Воображаемые шеренги мух и куда более реальные зарисовки позволяют придать информации или оценке осязаемый, достоверный характер. Вместо утверждения используется образ – странный, знакомый по опыту или эмоционально окрашенный – и нужные выводы возникают сами.
Конечно, речь не идет об образцах продукции – если это посвященная им презентация, то они уже не совсем «поддержка», это центральная тема, главный предмет разговора. Но вот красивая старенькая баночка из-под того же продукта, появляющаяся ненадолго и только для того, чтобы вспомнить об истории компании – это да, это может быть поддержкой. Добывать ли ее, тащить ли с собой – вопрос. Ответ, как и обычно, зависит от целей и состава аудитории. Важно ли для этих людей прошлое, возникнут ли у них нужные ассоциации, будет ли эта баночка для них музейной штучкой (ценностью, стильным и красивым предметом) или они увидят в ней дрянь, никому не нужное старье, – это презентатору виднее.
Использование предмета как минимум дает резкое (но короткое) «освежение» внимания – а знак возникающих эмоций, смысл ассоциаций и связь с содержанием надо продумывать отдельно.
Реальный предмет – довольно сильная штука: его можно разглядывать, порой даже трогать, подойти в перерыве посмотреть поближе… Поддержит это содержание или отвлечет от него, вот в чем вопрос.
Скажем, в примере с мешком игрушек они должны были стать инструментом работы, а частной и быстро решаемой задачей коллеги было познакомить с ними, приучить, снять возможную негативную реакцию. Здесь поддержкой была история про полководцев, которые планируют сражение – и история работала на облегчение знакомства с мешком. Я уверена, что дальнейшие действия с игрушками требовали некоторого к ним привыкания, поэтому содержимое мешка должно было какое-то время побыть в поле зрения – иначе непосредственное любопытство перевесит, забьет сознательный интерес к тому, что в это время говорится или делается.
Предмет, к которому зритель еще не привык, конкурирует с говорящим, а уж если это «особый» предмет, вызывающий любопытство и желание потрогать… Не стоит доставать из кармана живую лягушку или действующую модель первого аэроплана – слушатели могут запомнить только это, оно нам надо? «Ну, тот, как его, который самолетик приносил» – не лучший результат использования поддержек.
А вот простые действующие модельки объектов или процессов из подручных средств – другое дело. Из листа формата А4 чего только не свернешь, но сам он нейтрален, знаком всем и «оживает» только в руках выступающего – и тогда, когда ему нужно. Чапаев с картофелинами в «нашем старом кино» – это тоже спонтанное использование объектов.

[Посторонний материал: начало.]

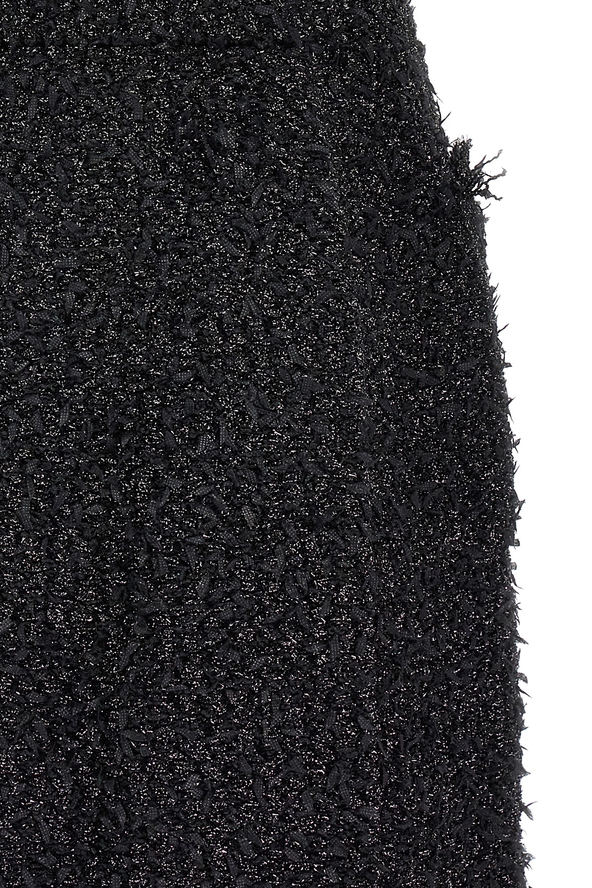 Lame and viscose skirt with a large woven effect weave with micro fringes, pockets with metal GG logo on the front, elastic waistband.
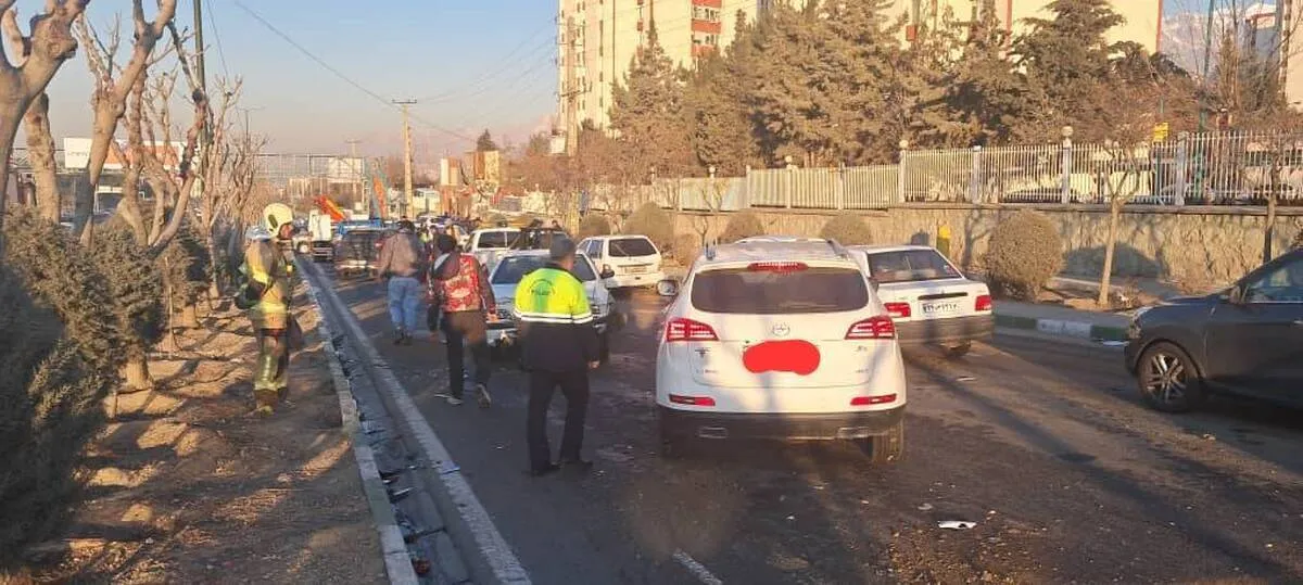 تصادف زنجیرهای ۱۱ خودرو در بزرگراه شهید بابایی + عکس
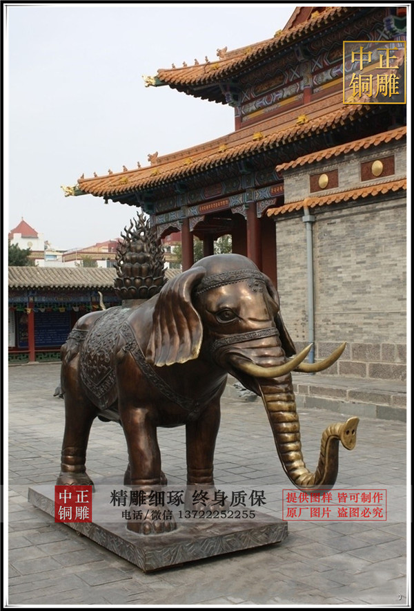 銅大象在印度、泰國稱為“象神”,大象的鼻子可吸水象征可把外面的財吸進(jìn)來,銅大象擺放在公司門口或家里都有招財作用,其中背馱金蟾的大象謂之“向上發(fā)財”。因?yàn)槿f象更新的“象”,諧音“祥”、和“相”,古人云:“太平有象”,寓意“吉祥如意”。

Лучше дать предмету «поработать» не один раз, а два – а то и три. Скажем, состояние вопроса – и что мы можем с этим делать. Возможно, еще и нужный нам результат.
В общем, предмет капризен, коварен и требует от выступающего уверенности в своих силах. Возможно, потому, что он – предмет – совершенно реален и сам по себе убедителен, а с этим тягаться непросто.
Слыхали ль вы, как рассказывают о самой пустяковой ситуации те самые «хорошо говорящие»? Или же – как пересказывают дети понравившееся кино? «А этот ему – бах, бах! А тот, такой, говорит: еще не вечер! И тут эта, с лазером, ка-ак жахнет – и все!»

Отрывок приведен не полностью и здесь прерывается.